I can prioritize feeling grounded over pleasing others.
I’m allowed to take breaks.
Intentions leave room for flexibility. And flexibility is often what allows us to stay present with ourselves, even when it gets hard. Maybe you given bring a small object, such a stone with you to keep in your pocket to remind you of your intention if things become challenging.
During the Gathering: Staying With Yourself
You Don’t Owe Explanations
You are not required to explain your food choices, your body, or your healing process.
If comments arise, it’s okay to:
Respond briefly and neutrally
Change the subject
Step away from the conversation
Say very little
Make a quick comeback (sassiness encouraged)
Protecting yourself when judgemental food comments show up is not avoidance. It’s care.
Support Your Body When Activation Shows Up
Family gatherings can activate old survival responses, even if nothing “bad” is happening in the moment.
If you notice anxiety, numbness, or a pull to disconnect, you might try:
Pressing your feet gently into the floor
Letting your exhale be a little longer than your inhale
Noticing the support of the chair beneath you
Look around the room and find 3 things you haven’t noticed before
These are not techniques to make feelings go away. They’re ways to remind your body that you’re here, now, and supported.
You’re Allowed to Step Away
Stepping outside, going to the bathroom, or taking a pause is a way of staying connected to yourself, not a failure to cope.
You’re allowed to take space.
You’re allowed to leave early.
You’re allowed to choose what feels most supportive in your body.
After the Gathering: Integration Instead of Critique
Notice the Pull to Judge
It’s very common to replay what you ate, what you said, or how you felt afterward.
If that happens, you might gently remind yourself:
I did the best I could with what was available to me.

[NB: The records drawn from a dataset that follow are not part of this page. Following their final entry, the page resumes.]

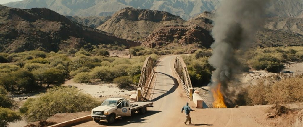 Due to Argentina having a corrupt social system during the time of the film’s invention, the director wanted to take a stand against social constructs, which he did in Road to Hell through showing people that released their primal instincts in extreme acts of violence to portray the universal appeal of “we can all lose control,” which is very obvious within this film. I also think that this film reflects the historical context of Argentina too, as it shows a class divide between the man with the old, dirty pick-up truck and the wealthy man with the clean, expensive car, but proves that all humans are the same despite their income, as 2014 was a time of economic uncertainty. I think that the genre of Road to Hell is clearly an action from start to finish, as they violence is never-ending, however it also has elements of a comedy because it was funny to watch these two men battle each other in front of such beautifully, peaceful scenery, so this dramatic irony made the film quite comedic, as well as the entertainment of seeing how far these characters will go to get revenge. The film’s mise-en-scène is memorable because of the contrast between the beautiful location and the action and violence between the two main characters. Also, fog and dust are used to signal the arrival of the truck when the man is changing his tyre to create a dramatic effect and foreshadow that something bad is about to happen, which was a small aspect that I really liked. Sound is used effectively because music is used at the start to create a positive atmosphere, however the music is not heard again after the man’s tyre becomes flat. This is intentional because it allows for audiences to focus on the action and make it seem more realistic and painful because you can hear every small movement. There is a sequence when the two characters are fighting in the car and the radio is playing, which provides comic relief because it is ironic how there is joyful music playing in the background of their extreme violence. The film is edited quite simply, with quicker jump shots during action and fight sequences to make the pace feel more rushed and dramatic. I enjoyed the performances because there was hardly any dialogue and instead, the actions described what was happening, which was unusual because most stories in Wild Tales are told more through dialogue than action. The combat scenes were very realistic, which was achieved through lots of training for the actors and well-timed match-on-action editing. The actors told their characters’ emotions through their facial features, for example, you could tell that they were angry because they bared their teeth and lowered their eyebrows as they looked up in frustration at the other person. Finally, I was really inspired by the film’s cinematography because it was filmed at low angles that were very close to the action. It changed constantly and these uncomfortable angles made viewers feel like they were part of the fight. There was a moment at the beginning as the man is driving, where the camera is inside the car and is at eye-level to the actor, so it’s like a first-person position and feels as though we are in his shoes, which creates a bond with the first character that we meet.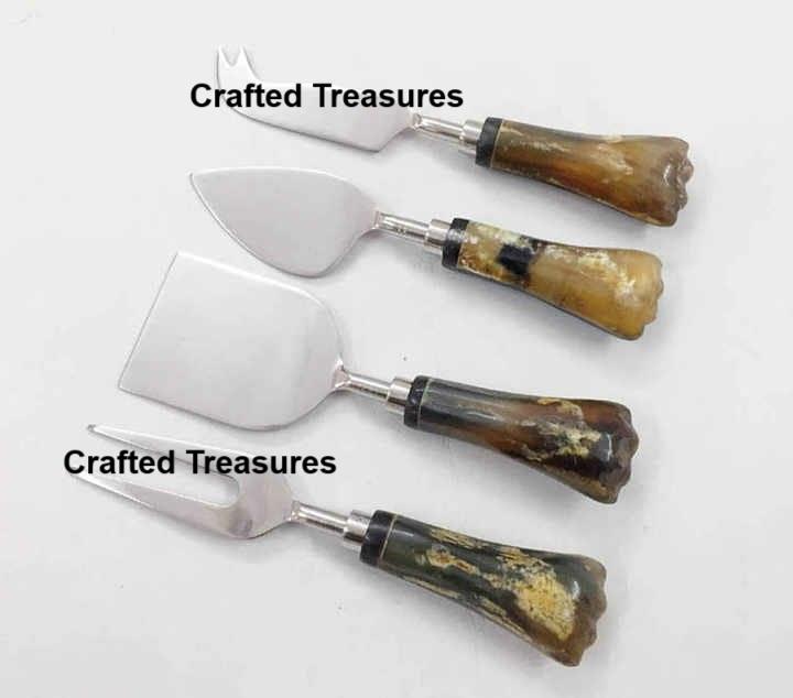 Ensemble de couteaux à fromage à prix abordable avec manche en résine bleue Cadeaux de fantaisie pour pendaison de crémaillère 3 pièces personnalisées au meilleur prix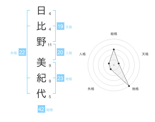 日比野 美紀代さんを姓名の画数から五運を鑑定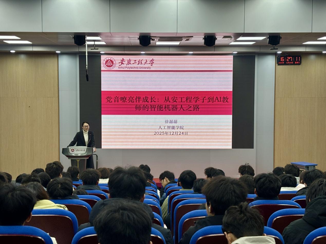 12月24日下午,机械与汽车工程学院在5教117报告厅举办“党音嘹亮”大讲堂活动。本期活动邀请人工智能学院徐潺潺博士作《党音嘹亮伴成长:从安工程学子到AI教师的智能机器人之路》专题讲座。学院大讲堂负责人时慕天、辅导员陈静、2025级青马班学员和递交入党申请书的学生骨干等100余人参会。讲座由时慕天主持。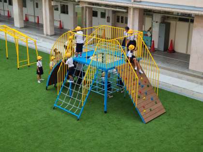 1時間目は、1年生。遊具での安全な遊び方の説明を聞いた後、コンビネーション遊具、うんてい、のぼり棒、鉄棒、ふかふかの人工芝の上で遊びました。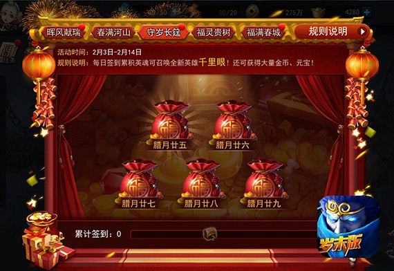 广发福利庆猴年,千万红包闹新春 从2月3日起,《乱斗西游2》新春贺岁版推出“金猴贺岁”春节福利活动。每天参与守岁长筵活动,签到拿全新英雄千里眼;年关将近,不忘帮派福灵贵树大祈愿,更有丰厚奖励回馈玩家;过年怎么少得了新鞋子?使用岁华结在春满河山活动中可兑换金鞋子和全新四星英雄野火冥王、黄眉老佛,更能将金鞋子升级为橙色鞋子!想一睹真容,马上参与春节福利活动!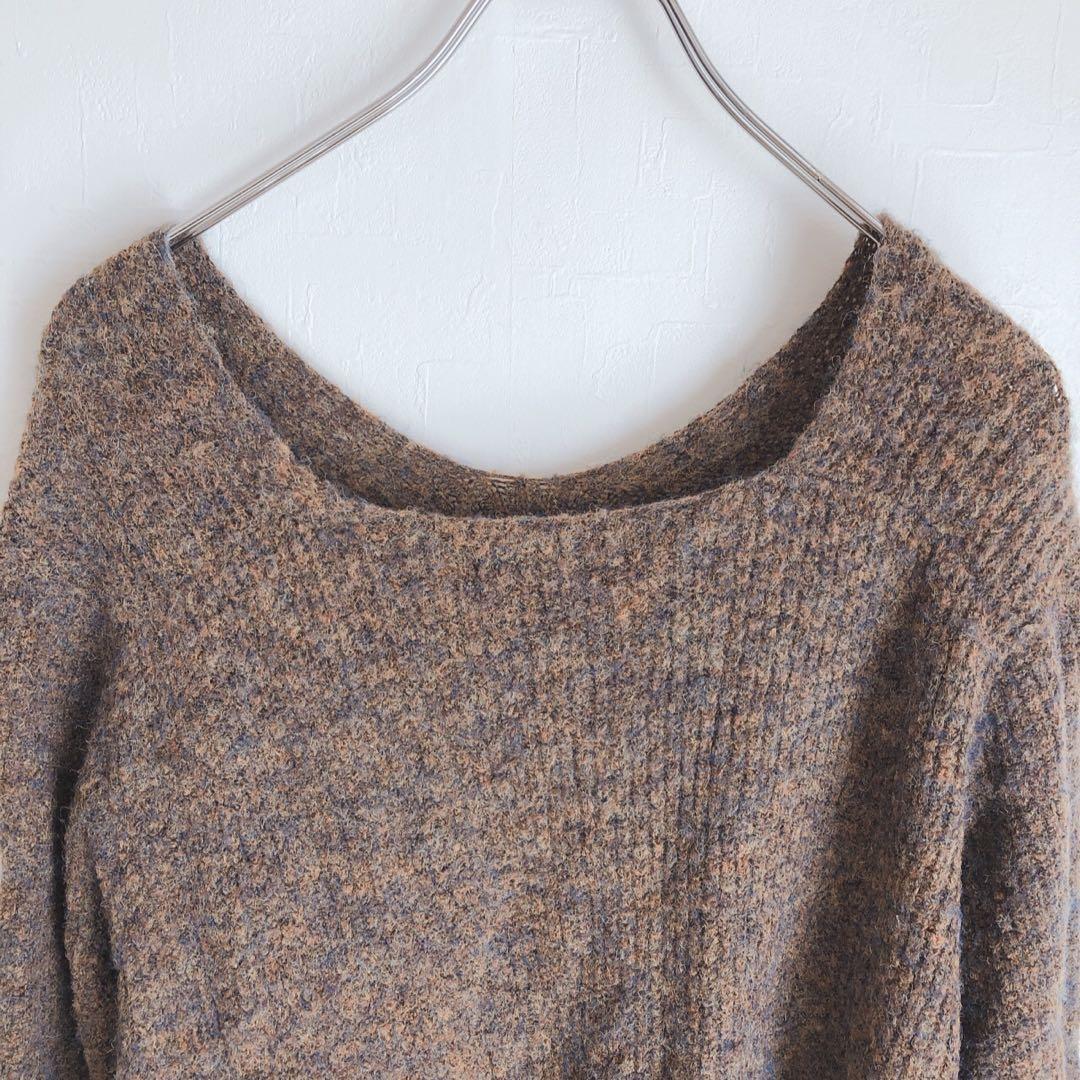 レイカズン 長袖セーター ニット Vネック ゆったり 毛混 ブラウン L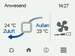 - Stellen Sie mit den Plus und Minus die Soll-Zulufttemperatur für diesen Lüftungsmodus ein.Sie können die Temperatur zwischen +5 °C und +25 °C einstellen. Die empfohlene Temperatur liegt bei +18 °C oder 2-3 °C unter der Raumtemperatur.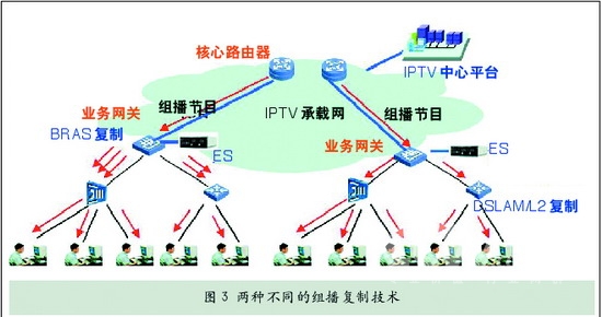 BRAS和DSLM都可以很好地解決組播問題。但由于BRAS在DSLAM的上層,因此如果采用BRAS組播方式,其特點是投資相對較少、控制較為方便,但是下層從BRAS到DSLM,用戶終端的帶寬占用較大。如果采用DSLAM組播方式,其特點是投資相對較多,控制較復(fù)雜,但是下層從BRAS到DSLM,用戶終端的帶寬占用較小。因此要根據(jù)各地具體情況來決定采用在何處進(jìn)行組播復(fù)制。但無論如何,組播復(fù)制要確保不能影響用戶的收看質(zhì)量。

Healing is not measured by how well you perform under pressure. No matter how it went, being compassionate towards yourself can also be a step on the healing process.
Offer Your Nervous System Some Care
Being in activating environments takes energy, even when things go “fine.”
Afterward, your body may need:
Rest
Quiet
Warmth
Familiar routines
Gentle movement
Connection with someone or your pet who feels safe
When Family Gatherings Keep Pulling You Back Into Old Patterns
If family gatherings consistently leave you feeling disconnected from your body, anxious around food, or pulled back toward eating disorder behaviors, that’s not a personal failure.
Often, these reactions reflect:
Unprocessed relational or developmental trauma
Nervous system responses that formed for a reason
Patterns that once helped you cope
Trauma-informed therapy, including approaches like EMDR, can help you explore these responses.
You’re Allowed to Heal at Your Own Pace
You don’t have to want everything to change to deserve support.
Every time you notice what’s happening inside you, and respond with curiosity, you are moving toward healing.
If you’re looking for eating disorder therapy or trauma-informed support in Seattle, WA, or via telehealth in Washington or Massachusetts, you’re welcome to reach out. We can explore together whether support might feel helpful right now.
You don’t have to do this alone.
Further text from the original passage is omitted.